Now dip it fully into the ink and sweep it across the page. Touch the paper with the tip of the brush, then moving forward push the full width of the hair down on the page. Create a line this way. Without dipping it again, drag it dryly across the page. With dots, dashes, loops and different pressures, complete the series of lines to the bottom of the page. Pause and collect your thoughts. Consider this: your mind guides and monitors and your hand responds, but the hand can also excite the mind to new awareness. When the hand stops moving, the mind loses its stimulus so it is essential that the hand moves, taunting and stimulating the mind to greater sensitivity. If your hand is overcome by your minds desire for exactness and neatness, care and structure, the work will become arid and lifeless. Pin a fresh piece of paper to your board. Invent exciting marks by stabbing repeatedly, by bouncing the brush, flicking it, splashing and dripping it. Wet the paper with clean water, run ink into it, develop movements of rising and falling lines. Dont make patterns but textures. (Patterns are repeated shapes, textures are groupings of marks which suggest the feel of a particular surface.) Now take a new sheet and create an exciting water and ink mark like a blot in the centre of your paper. Direct it with more lines and splodges towards the 4 edges of the paper, noticing shapes that develop as well as the movement of the lines. On another sheet invent a new and dynamic brush alphabet of personal marks, working down, then up, then down the sheet until it is covered. Keep up a rhythm as you go. Watch the natural variation of the ink as you dip and fill and exhaust the brush - Van Gogh used this pulse of dark to light. It is like the life-giving pulse in our own bodies.

Mark making with a brush

The game of mark making with the brush can develop in many ways. Rembrandt invented endless mark-equivalents for landscape forms and wonderful new calligraphic shapes. Artists in the Far East have produced incredibly beautiful brush drawings. Look at drawings by Chinese and Japanese artists in particular. Try out all kinds of variations for yourself.

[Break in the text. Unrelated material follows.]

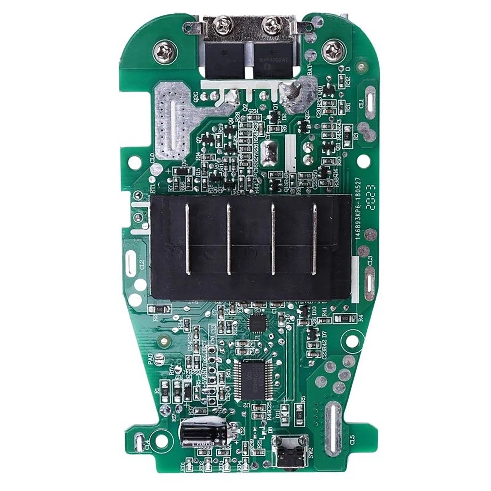 This replacement 18V lithium-ion battery charging protection PCB circuit board is essential for the repair and assembly of battery packs for various devices. With its vibrant green fiberglass construction, this board not only stands out aesthetically but also houses multiple small electronic components for efficient battery management. Key elements include a prominent black battery connector, several integrated circuits, and clear markings that guide connections. Imagine confidently restoring or building your battery packs, knowing you have the reliability of this expertly designed PCB at your fingertips.
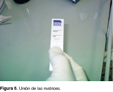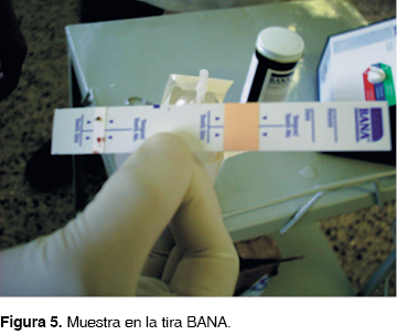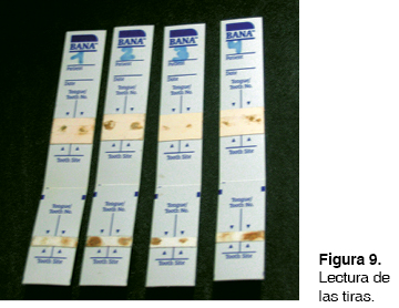 Se colocó la muestra de placa subgingival extraída en la parte inferior de la tira del Test BANA.

OCA student attempts various marks

Stage 5: pen
You have tried out the instant, tightly descriptive qualities of the pencil; the soft, dusty sensitivity of charcoal and the springy resilience of the brush. The pen, depending on the quality and thickness of its nib or tip, can be tightly descriptive, softly sensitive or resilient, capable in some ways of repeating the qualities of the 3 other drawing tools. In this exercise you will be exploring its superb texture-making qualities - using a fibre-tip pen. Pin a sheet of paper to your board. Take your pen and create a series of dots in a concentrated cluster of about 3 cm. (If you have the opportunity to compare your dot cluster with those of other students you will find that yours is expressively different from theirs.)

Fill a page or more with extended groups

Now build a similar cluster still using dots but find a way of meandering out of it and moving naturally into rhythms that echo each other.

Look, if you can, at a Van Gogh pen drawing, a portrait or landscape. He endlessly invents textured patterns that are expressive equivalents for water, sky, plants, rocks or facial features. Now create as many pattern textures as you can devise. Fill a page or more with extended groups of them, exploring what your pen can do.

Stage 6: what have you achieved?


Now you have completed the exercises, cut several rectangular windows out of thin card or stiff paper. Vary the sizes from 5 cm x 12 cm upwards.

Look at your work through a card window

Run these windows over your sheets of paper until you find an abstract shape or set of marks that looks pleasing framed in this way. Try vertical as well as horizontal frames. You may be surprised at what you have done. Remind yourself that this small group of marks is every bit as much art as a drawing of recognisable objects. Textures and marks are an expression of feelings and

thoughts. They generate the energy that fuels the enthusiasm of the artist and are one of the means by which we recognise and identify her or him.